Democracy could ‘collapse’ in Greece, Spain and Portugal unless urgent action is taken to tackle the debt crisis, the head of the European Commission has warned.How odd. I thought being part of the European Union meant that those European values among which democracy and human rights come top are secure for ever. You mean member states are capable of reverting to their own historical precedents? Who knew?
In an extraordinary briefing to trade union chiefs last week, Commission President Jose Manuel Barroso set out an ‘apocalyptic’ vision in which crisis-hit countries in southern Europe could fall victim to military coups or popular uprisings as interest rates soar and public services collapse because their governments run out of money.
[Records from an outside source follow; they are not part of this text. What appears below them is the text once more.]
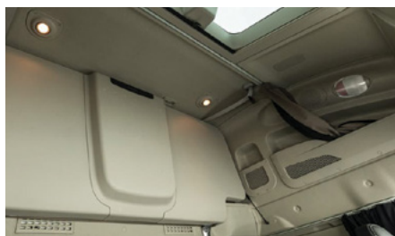
Stralis X-Way Sleeper Cab interior
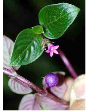
125 Coccocypselum RUBIACEAE
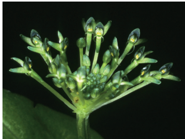
Figure 1. Inflorescence of Malaxis rzedowskiana (from a plant from Guerrero, Mexico: Salazar et al. 6437 , MEXU).
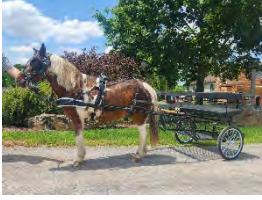
7 yr Gelding pony rides/drives with new cart and harness
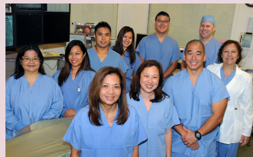
Cardiac Catheterization Laboratory Team

If you think you're having a heart attack, do not delay, call 911.

There are a couple of aspects to this event that need to be noted. In the first place, President Barroso is not an elected president of anything, let alone the European Union, so the notion of him pontificating about democracy is absurd.
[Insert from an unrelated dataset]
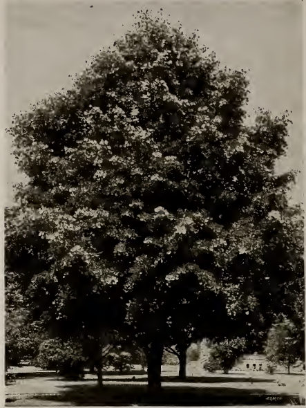
Tilia Americana (See page 13.)
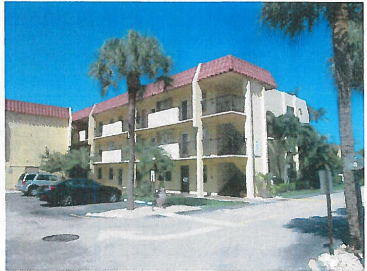
FRONT VIEW 9/1/15

Secondly, he was addressing trade union chiefs. Whatever may have been the case long in the past, recent experience with trade unions is that they are not precisely in favour of democracy either within their own ranks or outside them. In fact, this briefing is about as undemocratic as can be, not because President Barroso is not allowed to brief trade union chiefs but because it is all part and parcel of the EU's effort to create a post-democratic structure of civil society organizations, set up by the Commission in the first place, consulting and being briefed by the self-same Commission as a substitute for accountable democracy.
Thirdly, the EU is and has always been an undemocratic, indeed an anti-democratic structure. What he means by democracy disappearing is that the democratic institutions that have already been hollowed out by the EU might disappear. That is not the same thing at all.